Because my god, I wish it were that easy. I wish just one other person out there in the real world could help take some of the weight off my shoulders here. As a person who has been at the frontline of trying to help tackle food poverty in practical ways for the last ten years, as someone who works 100+ mostly unpaid hours a week cobbling together meal plans for strangers on the internet who have a crumpled fiver and a nearly-empty cupboard and ten days til payday, I could do with the backup. I’m absolutely ground down to my bones with the sheer volume of desperate calls for help I receive on a daily basis and I’m just one person on a freelance writers income, not a charity, not an organisation, no team, no staff, nobody to cry with or lean on or tug me gently away from my inbox at 5am again. If it were really that simple, I’d be obsolete, yomping around the Kyrenian mountain region of Cyprus writing a coffee table hardback cookbook about the food of my ancestors and running with goats and picking lemons in the sunshine. The doors of the food banks would close with a triumphant bang, and believe me they really really want to be able to do that, one day. I work closely with the Trussell Trust and on our last conference call they were united and vehemently clear in their mission to put themselves out of business by working towards a day where their services were no longer required, let alone acting as the supporting structure of our rapidly disintegrating communities.
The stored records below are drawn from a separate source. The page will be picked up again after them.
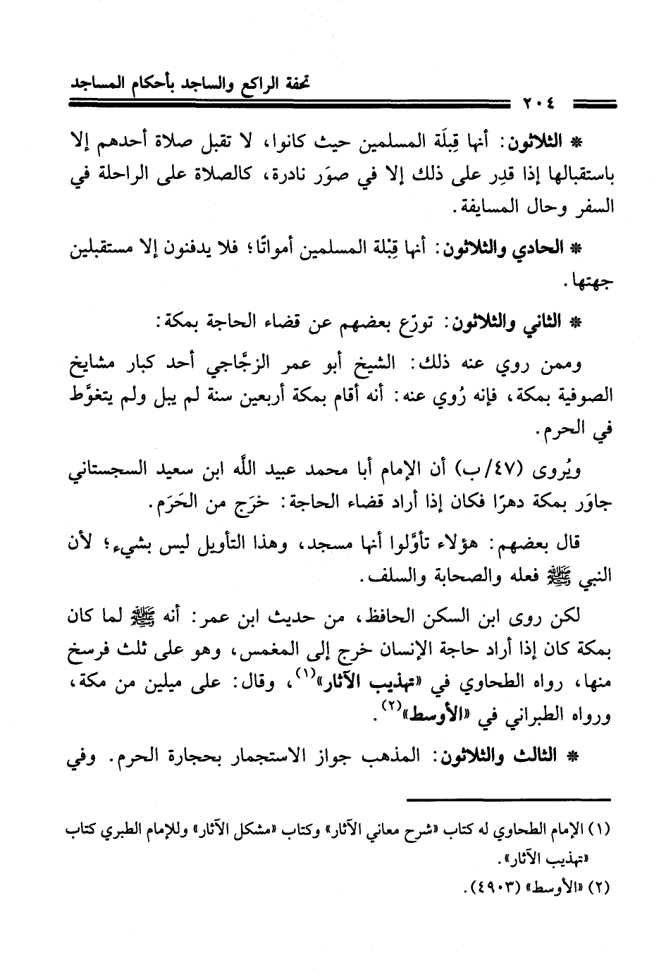 * الثالث والثلاثون: المذهب جواز الاستجمار بحجارة الحرم. وفي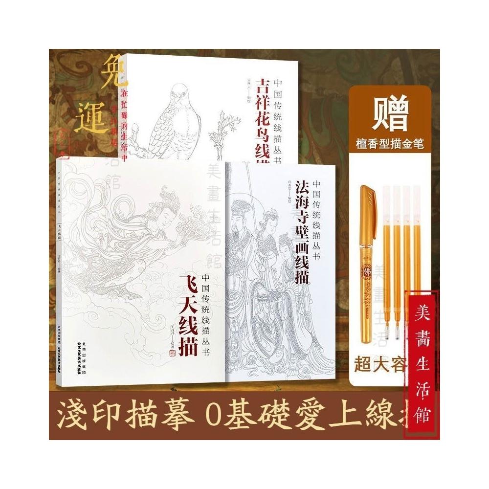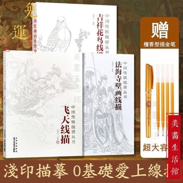隔日達⚡現貨6H出⚡中國傳統線描 全三冊贈抄經筆 一念敦煌 抄寫佛像描繪 敦煌壁畫 壁畫描繪 法海寺 花鳥描繪 飛天線描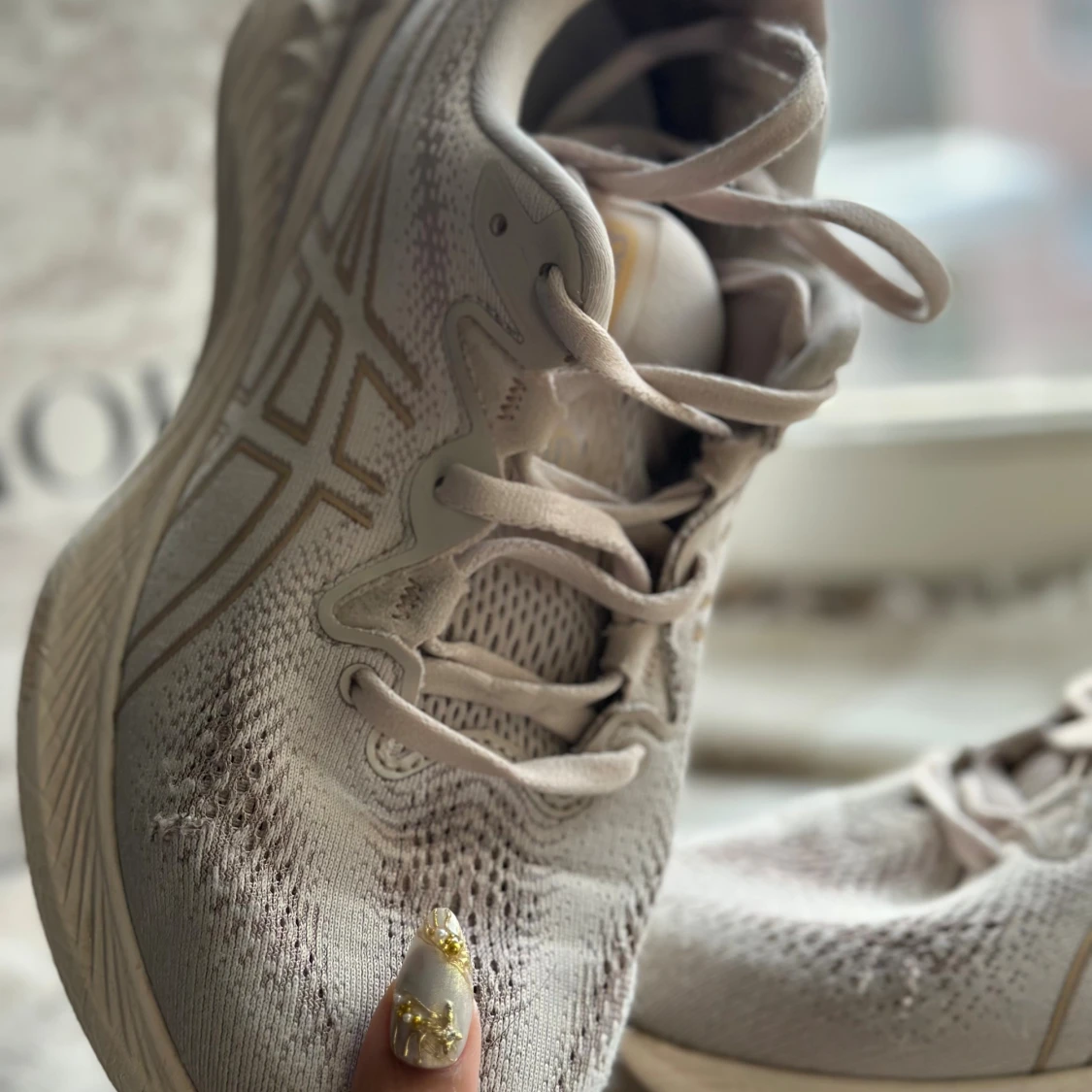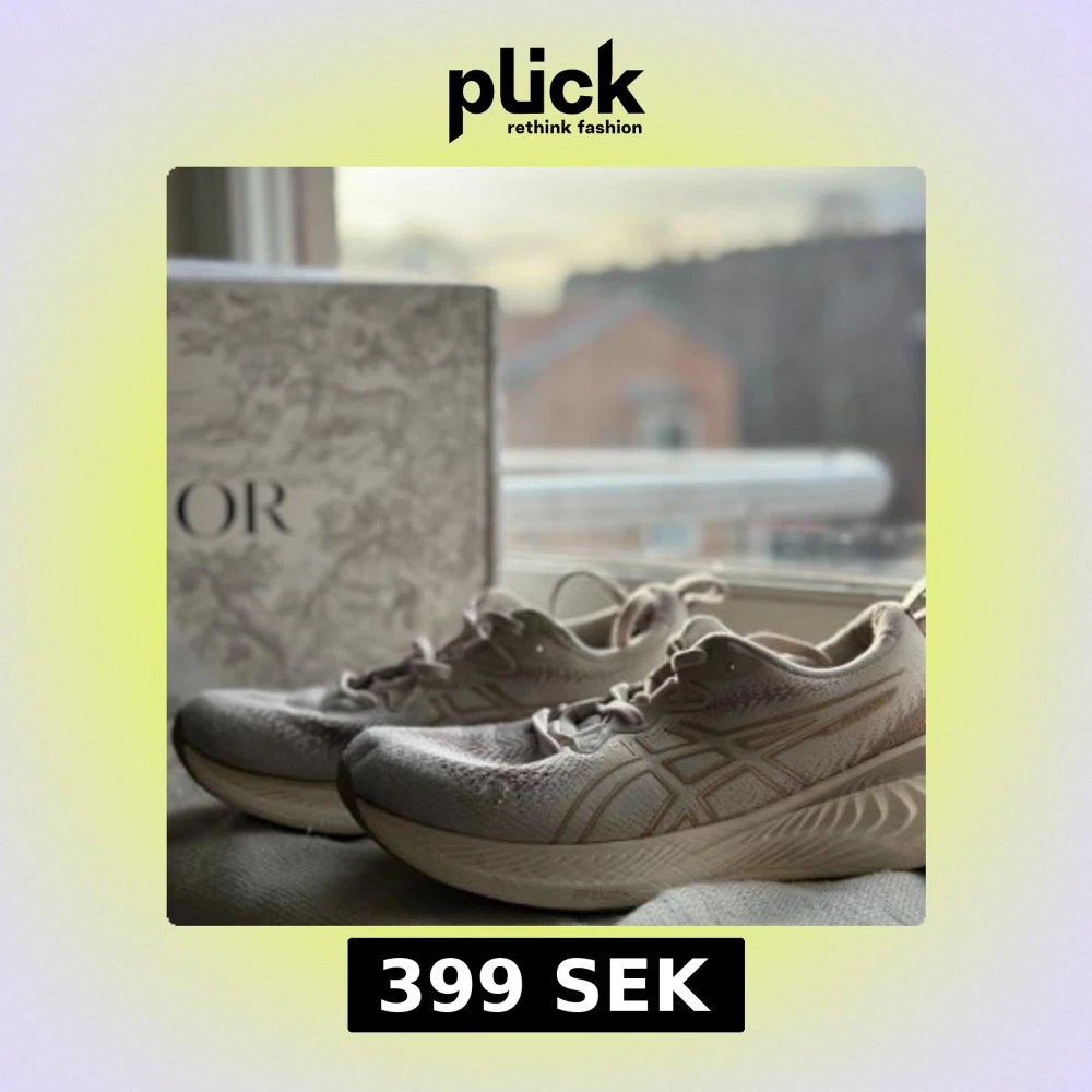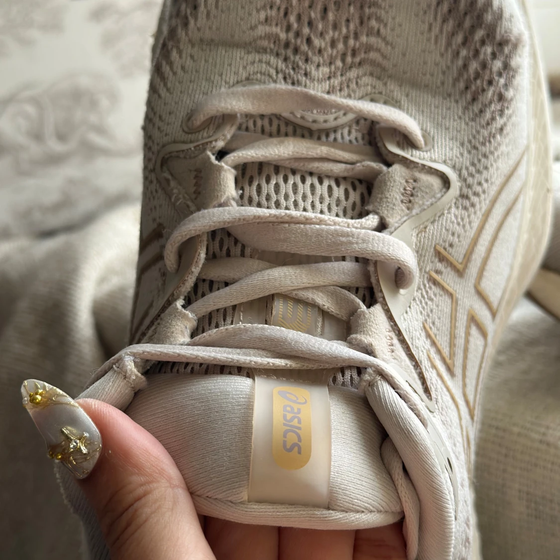 Säljer ett par snygga Asics sneakers i beige med klassisk logga på sidan. Skorna har mesh-ovandel för extra andningsförmåga och en riktigt bekväm sula. Perfekta för dig som gillar stilrena och sportiga skor med snörning och rund tå.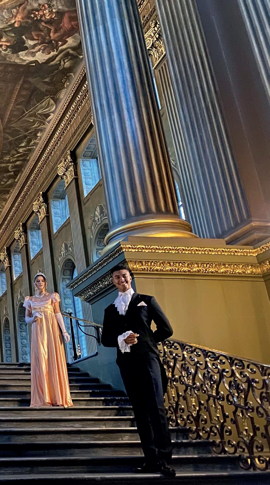 The small-group tour also includes entrance to the Chapel of St Peter & St Paul, which provided the perfect setting for the wedding of Colin and Penelope in Bridgerton’s third series, plus the famous Painted Hall –the ceiling of which was painted by Sir James Thornhill – which features in the film Pirates of the Caribbean: On Stranger Tides ornc.org/whats-on/wigs-weddings-powder-andpalaces-film-tour

Please, god, all those sitting in your comfy Instagram lives congratulating yourselves at your clever solutions and terribly-cobbled falsely-priced ‘recipes’, go get your pasta, do your five days, and come back to me and let me know how you get on. Otherwise sit your well-fed arses down and let those of us who are actually trying to do something, get on with it without having to waste time educating you about the price of pasta and the cost of poverty on the internet. And maybe when your five cosplay pretend-poor days are up, you can donate the difference in your regular food shop, to your local food bank. Minus the Maccy Ds and the White Zinfandel; they really don’t want that utter nonsense when believe you me, they’d spend your cash far more wisely than you seem to be able to.